## Try it:
Once the images are set aside, output the listing exactly as it stands.

## Input data:
-------------------------

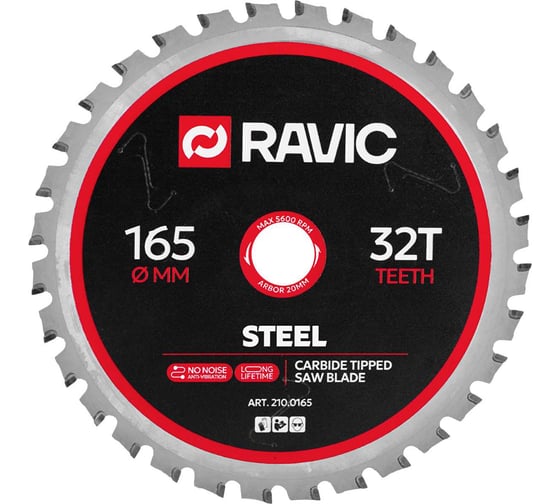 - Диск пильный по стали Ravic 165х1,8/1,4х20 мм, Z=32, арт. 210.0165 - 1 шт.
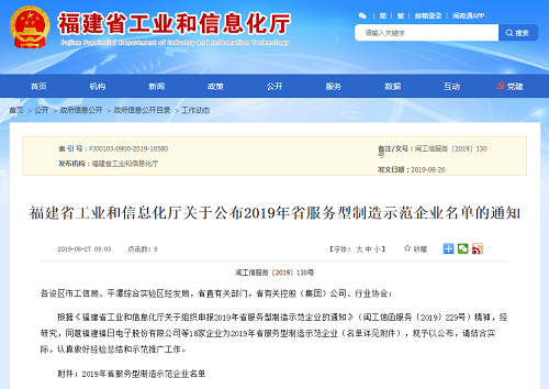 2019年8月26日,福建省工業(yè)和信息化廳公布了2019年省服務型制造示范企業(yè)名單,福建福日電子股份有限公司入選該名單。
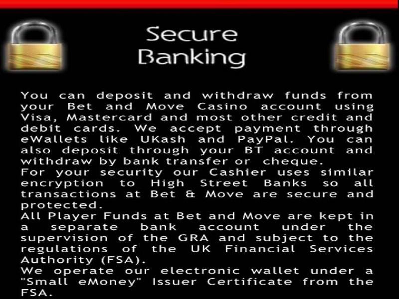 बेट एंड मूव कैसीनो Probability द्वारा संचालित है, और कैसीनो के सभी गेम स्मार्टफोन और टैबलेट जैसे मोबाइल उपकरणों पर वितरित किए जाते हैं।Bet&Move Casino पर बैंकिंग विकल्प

-------------------------

## Solution below:
 - Диск пильный по стали Ravic 165х1,8/1,4х20 мм, Z=32, арт. 210.0165 - 1 шт.
 2019年8月26日,福建省工業(yè)和信息化廳公布了2019年省服務型制造示范企業(yè)名單,福建福日電子股份有限公司入選該名單。
 बेट एंड मूव कैसीनो Probability द्वारा संचालित है, और कैसीनो के सभी गेम स्मार्टफोन और टैबलेट जैसे मोबाइल उपकरणों पर वितरित किए जाते हैं।Bet&Move Casino पर बैंकिंग विकल्प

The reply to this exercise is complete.